Top of Records provided

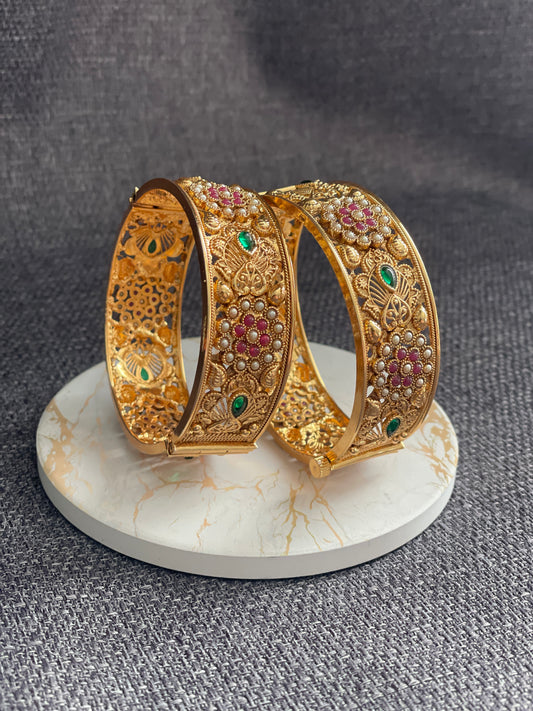 SHASHI - Gold plated Temple style openable Kada/Bangles
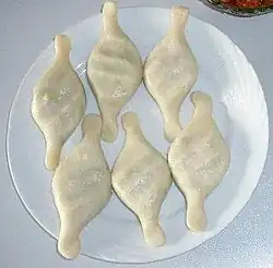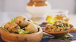 Bihari cuisine include litti chokha,[2] a baked salted wheat-flour cake filled with sattu (baked chickpea flour) and some special spices, which is served with baigan bharta,[3] made of roasted eggplant (brinjal) and tomatoes.[4][5] Dairy products are consumed frequently throughout the year, including dahi (yogurt), spiced buttermilk (known as mattha), ghee, lassi and butter.
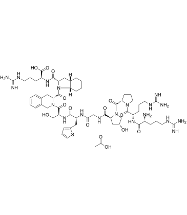 HOE-140 (Icatibant) is a potent and selective bradykinin B2 receptor antagonist (pA2 = 9.04). Also inhibits aminopeptidase N (Ki = 9.1 μM).
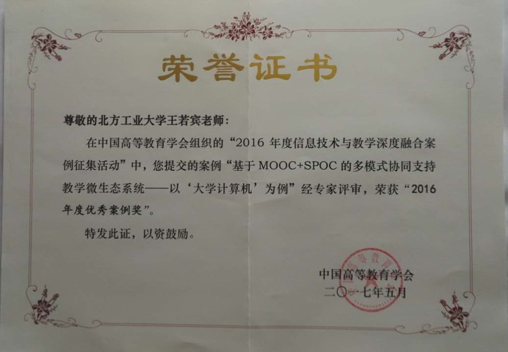 5月13日,由永利官网计算机学院教师王若宾博士执笔,计算机科学与技术系计算机基础教研室教师共同完成的教学案例“基于MOOC+SPOC的多模式协同支持教学微生态系统——以‘大学计算机’为例”荣获中国高等教育学会“推进信息技术与教学深度融合”2016年度优秀案例奖。
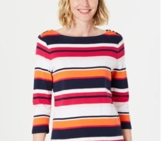 Charter Club Women's Cotton Striped Boat Neck Top Pink combo Size Petite XL

Bottom of Records provided

What you will do
What is needed is a verbatim copy of the lines running from the one with "5月13日,由永利官网计算机" through the last line of the listing above, excluding any pictures.

Solution to this task
 5月13日,由永利官网计算机学院教师王若宾博士执笔,计算机科学与技术系计算机基础教研室教师共同完成的教学案例“基于MOOC+SPOC的多模式协同支持教学微生态系统——以‘大学计算机’为例”荣获中国高等教育学会“推进信息技术与教学深度融合”2016年度优秀案例奖。
 Charter Club Women's Cotton Striped Boat Neck Top Pink combo Size Petite XL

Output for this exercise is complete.